Question

Show that the function \(f(x) = \log \sin x\) is increasing in the interval \((0, \frac{\pi}{2})\) and decreasing in \((\frac{\pi}{2}, \pi)\).

Hint:

The sign of the first derivative determines whether a function is increasing or decreasing. A helpful way to remember the signs of trigonometric functions is the "All Students Take Calculus" (ASTC) rule for quadrants I, II, III, and IV, respectively.

Answer 1

Step 1: Understanding the Concept:
To determine the intervals where a function is increasing or decreasing, we use the first derivative test.
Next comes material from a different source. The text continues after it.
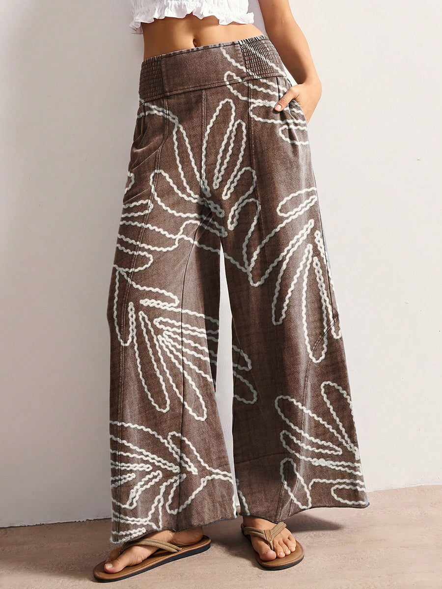 Women's Vintage Ethnic Pattern Art Print Stretch Wide-leg Pants

A differentiable function \(f(x)\) is: - Increasing on an interval if its first derivative, \(f'(x)\), is positive (\(f'(x)>0\)) for all x in that interval. - Decreasing on an interval if its first derivative, \(f'(x)\), is negative (\(f'(x)<0\)) for all x in that interval.
Step 2: Key Formula or Approach:
1. Find the first derivative of the function, \(f'(x)\).
2. Determine the sign of \(f'(x)\) in the interval \((0, \frac{\pi}{2})\).
3. Determine the sign of \(f'(x)\) in the interval \((\frac{\pi}{2}, \pi)\).
4. Conclude whether the function is increasing or decreasing based on the sign of the derivative in each interval.
Step 3: Detailed Explanation:
The given function is \(f(x) = \log(\sin x)\). The domain of this function requires \(\sin x>0\), which is true for \(x \in (0, \pi)\).
1. Find the first derivative, \(f'(x)\):
Using the chain rule, \(\frac{d}{dx}(\log u) = \frac{1}{u} \cdot \frac{du}{dx}\). \[ f'(x) = \frac{d}{dx}(\log(\sin x)) = \frac{1}{\sin x} \cdot \frac{d}{dx}(\sin x) \] \[ f'(x) = \frac{1}{\sin x} \cdot \cos x = \frac{\cos x}{\sin x} = \cot x \] 2. Analyze the sign of \(f'(x)\) in \((0, \frac{\pi}{2})\):
The interval \((0, \frac{\pi}{2})\) corresponds to the first quadrant.
In the first quadrant, both \(\sin x\) and \(\cos x\) are positive.
Therefore, \(f'(x) = \cot x = \frac{\cos x}{\sin x}\) is positive for all \(x \in (0, \frac{\pi}{2})\).
Since \(f'(x)>0\), the function \(f(x)\) is increasing in the interval \((0, \frac{\pi}{2})\).
3. Analyze the sign of \(f'(x)\) in \((\frac{\pi}{2}, \pi)\):
The interval \((\frac{\pi}{2}, \pi)\) corresponds to the second quadrant.
In the second quadrant, \(\sin x\) is positive, but \(\cos x\) is negative.
Therefore, \(f'(x) = \cot x = \frac{\cos x}{\sin x} = \frac{\text{negative}}{\text{positive}}\) is negative for all \(x \in (\frac{\pi}{2}, \pi)\).
Since \(f'(x)<0\), the function \(f(x)\) is decreasing in the interval \((\frac{\pi}{2}, \pi)\).
Step 4: Final Answer:
We have shown that \(f'(x)>0\) in \((0, \frac{\pi}{2})\) and \(f'(x)<0\) in \((\frac{\pi}{2}, \pi)\). Therefore, the function \(f(x) = \log \sin x\) is increasing in the first interval and decreasing in the second.